Nicht der Pfuscher, sondern die Vermittler zahlen das Schmerzensgeld
Zu den Schmerzensgeldern in bereits beschriebene Höhe kommt noch die Auflage an den behandelnden Arzt, sich auch um die weiteren Schäden bei den Betroffenen zu kümmern, falls diese in der Zukunft auftreten. Ob er seinen Verpflichtungen allerdings wirklich nachkommt, darf bezweifelt werden.

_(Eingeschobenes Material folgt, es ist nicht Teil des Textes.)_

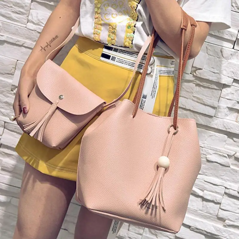 Goede Kopen 4 stks set Mode Vrouwen Composite Bag Kwastje Pure PU Lederen Schoudertas Vrouwen Clutch Handtas Set Grote Tote Vrouwelijke Winkelen tas Goedkoop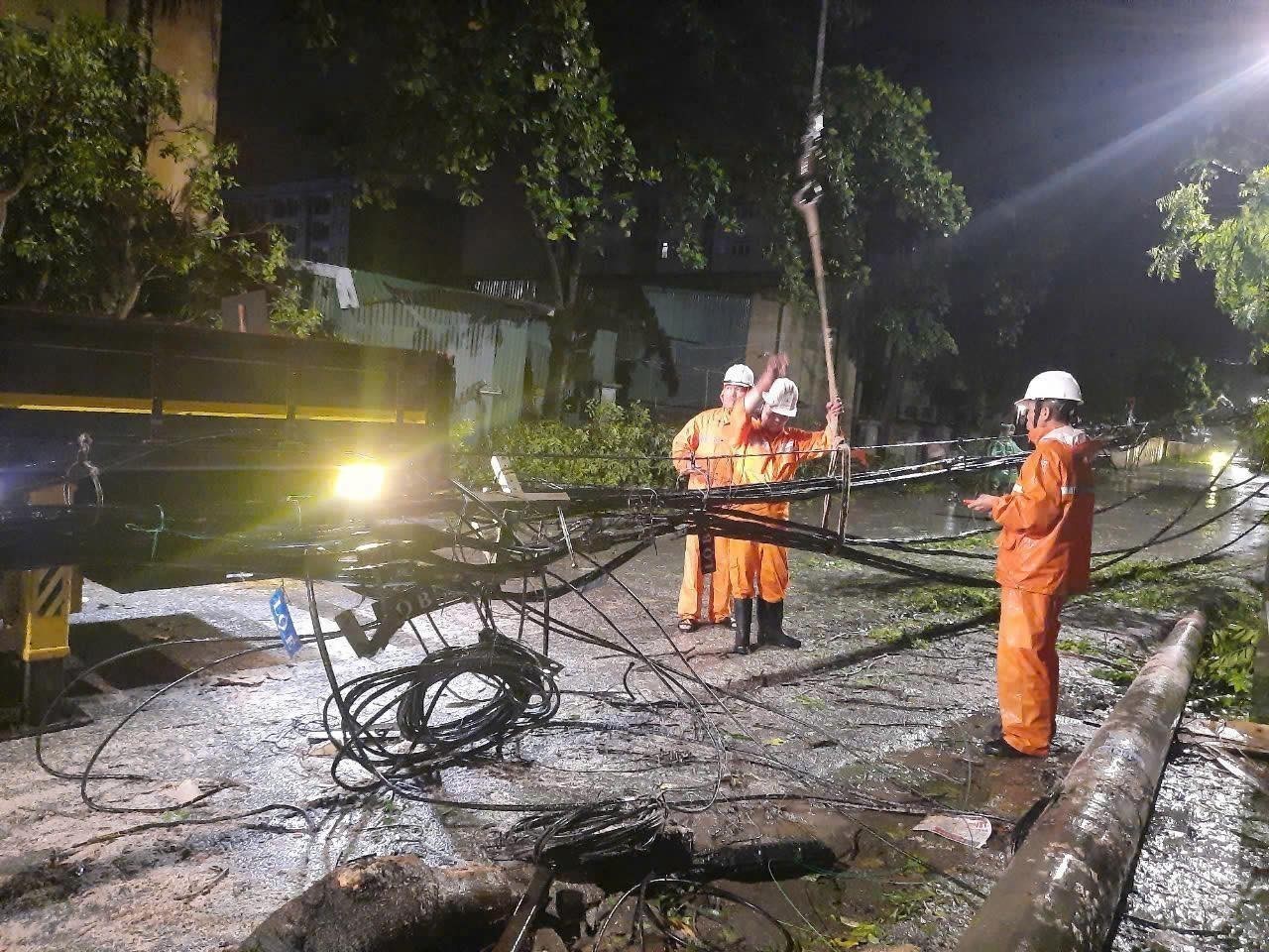 Công nhân EVN Hà Nội khắc phục sự cố lưới điện ngay trong đêm 7/9

Bemerkenswert ist jedoch, dass nicht der türkische Arzt die Schmerzensgelder zahlen muss, sondern das Kosmetikinstitut in Deutschland, welchen den Kontakt vermittelt hatte und die Abwicklung der Zahlungen übernahm. Da der Operationszeitpunkt bei der Verhandlung bereits fünf Jahre zurücklag, muss das Institut außerdem die bis dato angefallenen Zinsen erstatten.
Mittlerweile hat die beklagte Partei die Vermittlung solcher Operationen ins Ausland aufgegeben. Und auch ähnlich agierende Unternehmen dürften in Zukunft zumindest vorsichtiger sein, was die Auswahl, Vermittlung und Durchführung von kosmetischen Operationen im Ausland betrifft. Schließlich muss nun jeder Vermittler befürchten, eine Mithaftung übernehmen zu müssen, falls bei der Operation etwas schiefgeht.